ASSIGNED TASK. For this exercise, copy the data exactly and omit any images.

EXERCISE DATA below:

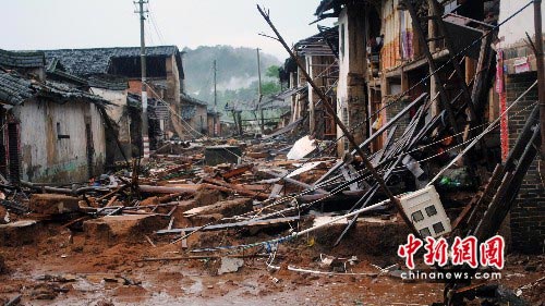 6月21日,福建南平地区持续暴雨,暴雨长时间袭击后致南平建阳将口镇芹口村民房墙倒梁断,狼籍不堪。自13日以来,南平下辖各地持续发生暴雨到特大暴雨,引发了严重的滑坡、泥石流等地质灾害,造成铁路塌方、交通受阻,电力、通信、供水中断,带来人员伤亡和经济损失。中新社发 张贵兴 摄
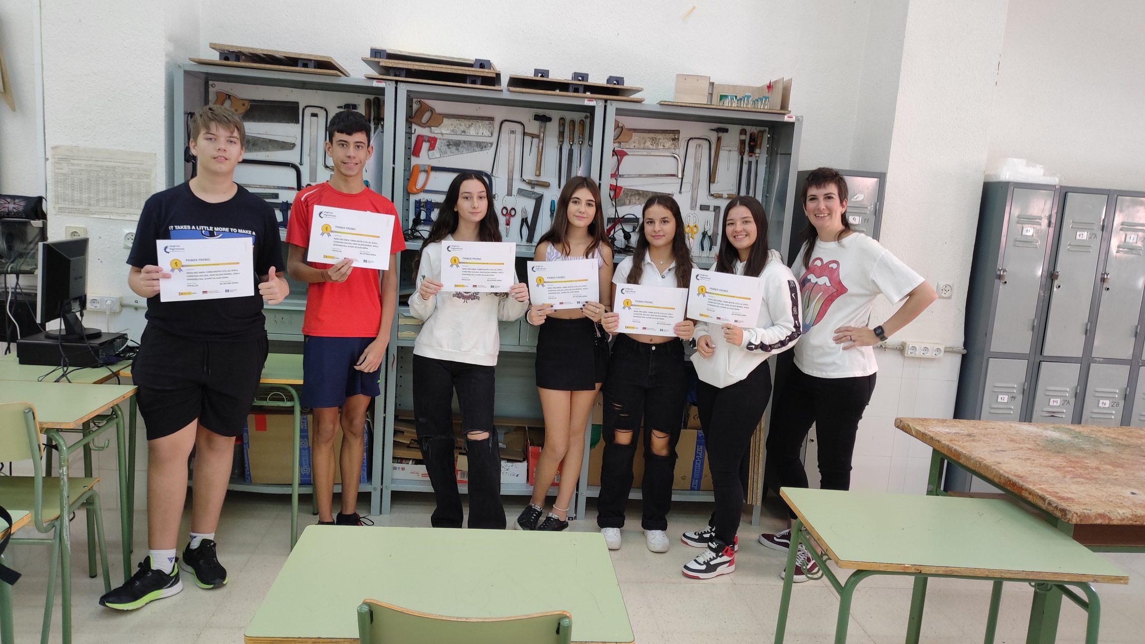 Felicitar a todo el alumnado del grupo por su esfuerzo y trabajo excepcional en el proyecto, y sobre todo a los alumnos y alumnas del cortometraje ganador "POR ELLAS", ¡enhorabuena a Álvaro Villalba, David Salinas, Nerea Díez, África Carretero, Yurima Martín y Sheila Ferrández!
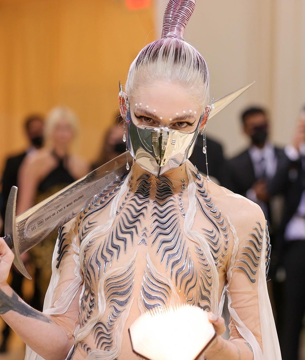 캐나다 출신의 아티스트이자 현재는 세계 최고 부자 중 한 명인 일론 머스크의 여자친구로도 유명한 그라임스도 멧 갈라에 참석했습니다. 그라임스는 평소에도 독특한 스타일링으로 대중적인 것과는 거리가 먼 인물인데요. 이번 멧 갈라에서도 독특한 모습으로 등장해 많은 사람들의 시선을 사로잡았죠. 그라임스가 입은 의상은 아이리스 반 헤르펜이 디자인한 것인데요. 컬트 영화에서 나온 것 같은 디자인이 특징적입니다.
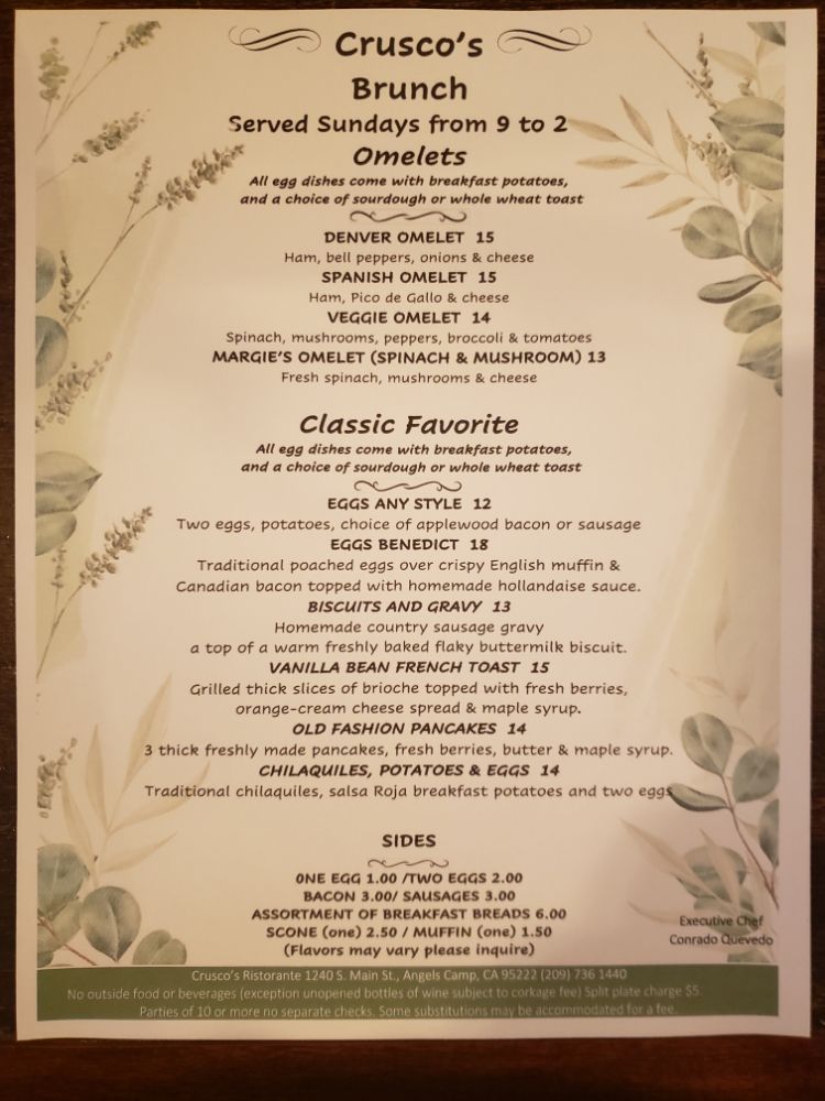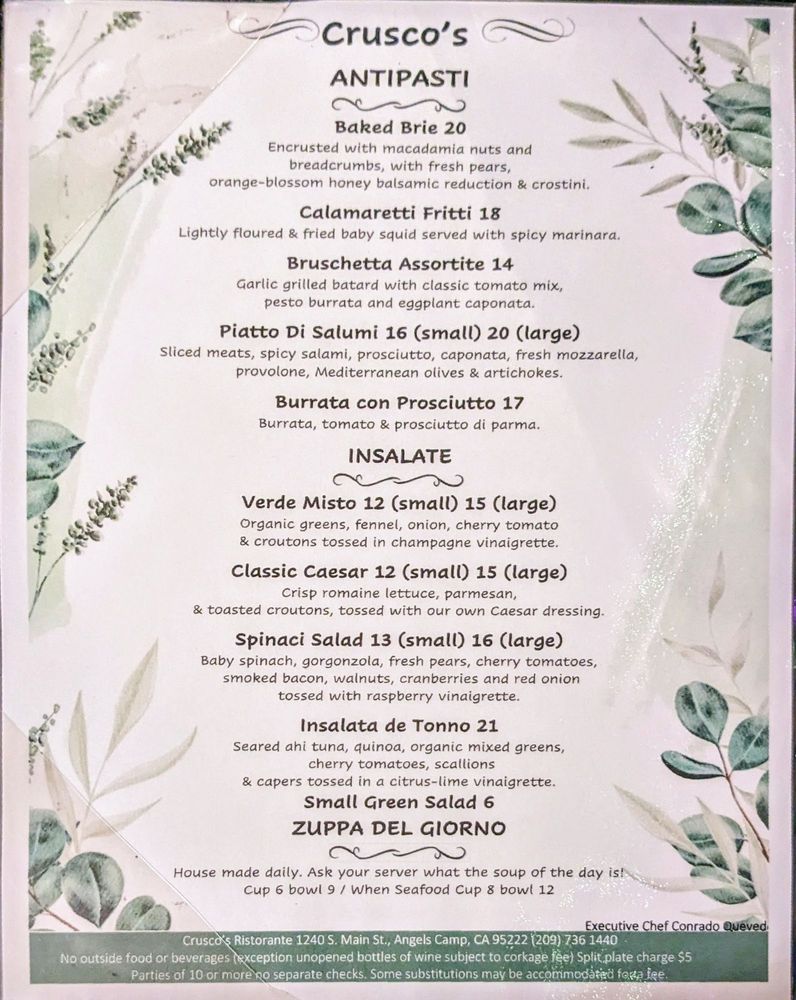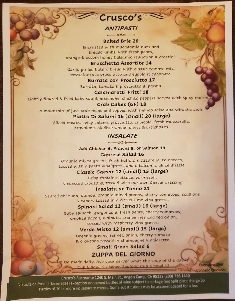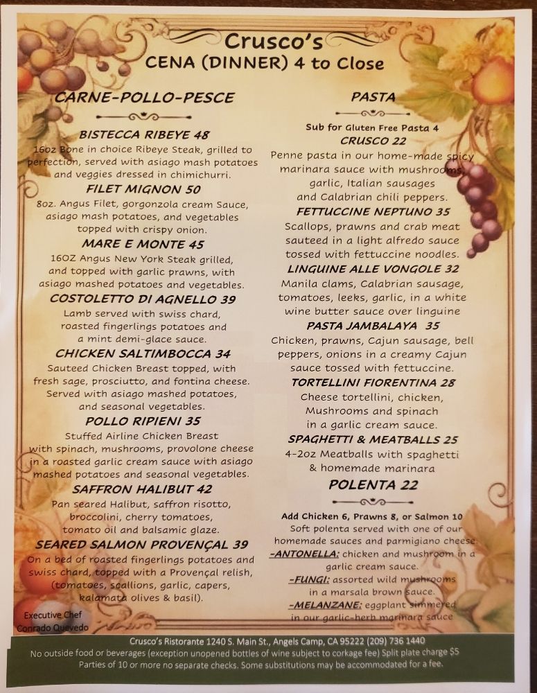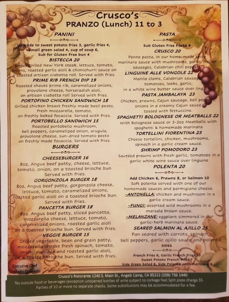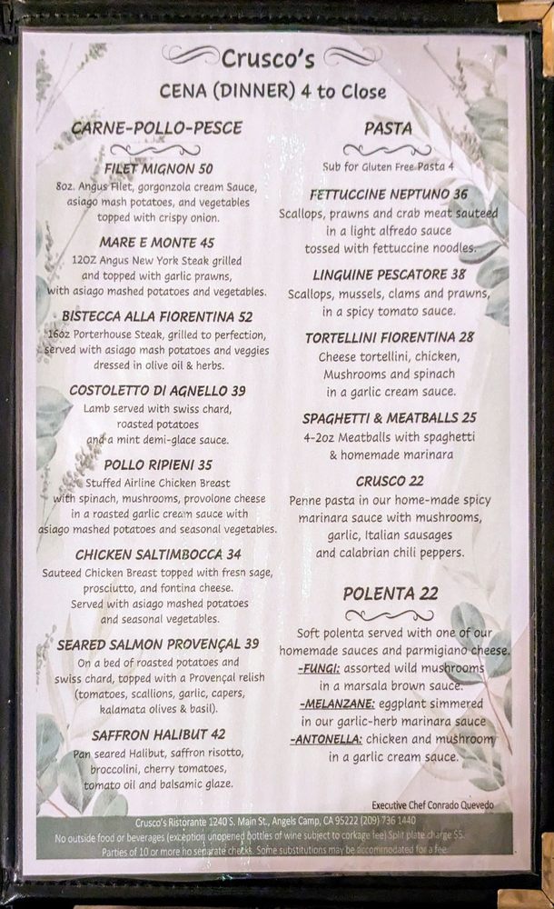 Crusco’s, a blend of American and Italian flavors with a touch of salad offerings, stands out for its intimate, classy ambiance and excellent service. Located in Angels Camp, CA, this restaurant offers a variety of options, including vegan dishes, outdoor seating, and Wi-Fi access. The menu showcases delectable options such as Filetto Col Granchio, Mare E Monte, Crusco penne pasta, and Wild Alaskan Salmon for dinner. For lunch, try the Gorgonzola Burger or the New York Steak Sandwich. Indulge in housemade desserts like Panna Cotta or Kaluha Chocolate Mousse. Customers rave about the exceptional service and outstanding dishes like the Halibut and Neptune Fettucine. Whether for a date night or a casual meal, Crusco’s offers a delightful dining experience.

End of EXERCISE DATA.

EXERCISE ANSWER.
 6月21日,福建南平地区持续暴雨,暴雨长时间袭击后致南平建阳将口镇芹口村民房墙倒梁断,狼籍不堪。自13日以来,南平下辖各地持续发生暴雨到特大暴雨,引发了严重的滑坡、泥石流等地质灾害,造成铁路塌方、交通受阻,电力、通信、供水中断,带来人员伤亡和经济损失。中新社发 张贵兴 摄
 Felicitar a todo el alumnado del grupo por su esfuerzo y trabajo excepcional en el proyecto, y sobre todo a los alumnos y alumnas del cortometraje ganador "POR ELLAS", ¡enhorabuena a Álvaro Villalba, David Salinas, Nerea Díez, África Carretero, Yurima Martín y Sheila Ferrández!
 캐나다 출신의 아티스트이자 현재는 세계 최고 부자 중 한 명인 일론 머스크의 여자친구로도 유명한 그라임스도 멧 갈라에 참석했습니다. 그라임스는 평소에도 독특한 스타일링으로 대중적인 것과는 거리가 먼 인물인데요. 이번 멧 갈라에서도 독특한 모습으로 등장해 많은 사람들의 시선을 사로잡았죠. 그라임스가 입은 의상은 아이리스 반 헤르펜이 디자인한 것인데요. 컬트 영화에서 나온 것 같은 디자인이 특징적입니다.
 Crusco’s, a blend of American and Italian flavors with a touch of salad offerings, stands out for its intimate, classy ambiance and excellent service. Located in Angels Camp, CA, this restaurant offers a variety of options, including vegan dishes, outdoor seating, and Wi-Fi access. The menu showcases delectable options such as Filetto Col Granchio, Mare E Monte, Crusco penne pasta, and Wild Alaskan Salmon for dinner. For lunch, try the Gorgonzola Burger or the New York Steak Sandwich. Indulge in housemade desserts like Panna Cotta or Kaluha Chocolate Mousse. Customers rave about the exceptional service and outstanding dishes like the Halibut and Neptune Fettucine. Whether for a date night or a casual meal, Crusco’s offers a delightful dining experience.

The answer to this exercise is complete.